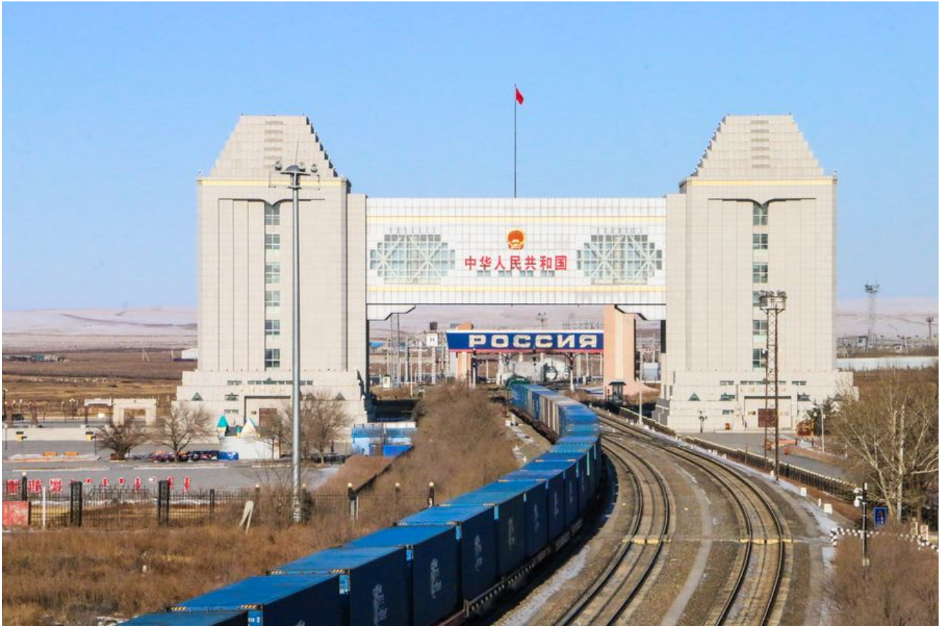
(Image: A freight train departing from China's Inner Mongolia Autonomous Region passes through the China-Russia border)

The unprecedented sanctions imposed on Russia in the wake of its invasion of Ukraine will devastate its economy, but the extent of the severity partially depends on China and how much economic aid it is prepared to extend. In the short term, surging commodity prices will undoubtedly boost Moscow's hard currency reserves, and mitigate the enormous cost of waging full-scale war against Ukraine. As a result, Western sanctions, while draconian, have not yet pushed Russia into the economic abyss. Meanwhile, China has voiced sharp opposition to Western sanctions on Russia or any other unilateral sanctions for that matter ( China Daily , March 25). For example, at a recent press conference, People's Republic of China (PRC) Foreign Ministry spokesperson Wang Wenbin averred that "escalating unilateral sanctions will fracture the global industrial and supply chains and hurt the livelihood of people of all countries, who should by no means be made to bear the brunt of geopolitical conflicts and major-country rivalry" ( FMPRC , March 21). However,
====
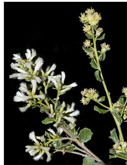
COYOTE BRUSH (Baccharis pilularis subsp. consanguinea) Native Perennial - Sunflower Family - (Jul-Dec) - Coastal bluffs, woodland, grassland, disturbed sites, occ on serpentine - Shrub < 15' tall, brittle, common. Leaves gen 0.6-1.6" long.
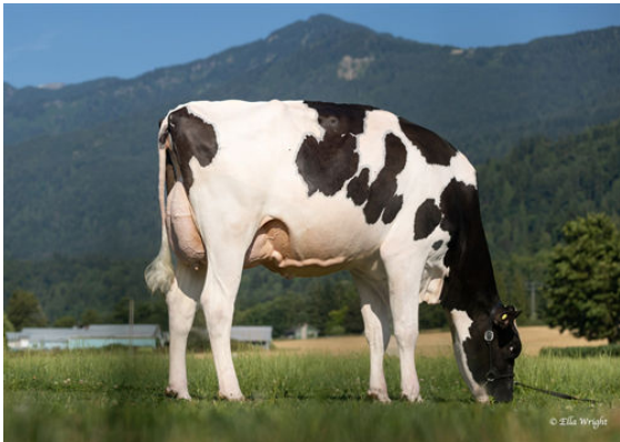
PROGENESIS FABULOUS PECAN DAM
====
EXERCISE GOAL. Using the material above, reproduce only the lines that run from the line with "COYOTE BRUSH (Baccharis" up to and including the line with "PROGENESIS FABULOUS PECAN DAM", exactly, with the pictures dropped.

SOLUTION.
COYOTE BRUSH (Baccharis pilularis subsp. consanguinea) Native Perennial - Sunflower Family - (Jul-Dec) - Coastal bluffs, woodland, grassland, disturbed sites, occ on serpentine - Shrub < 15' tall, brittle, common. Leaves gen 0.6-1.6" long.
PROGENESIS FABULOUS PECAN DAM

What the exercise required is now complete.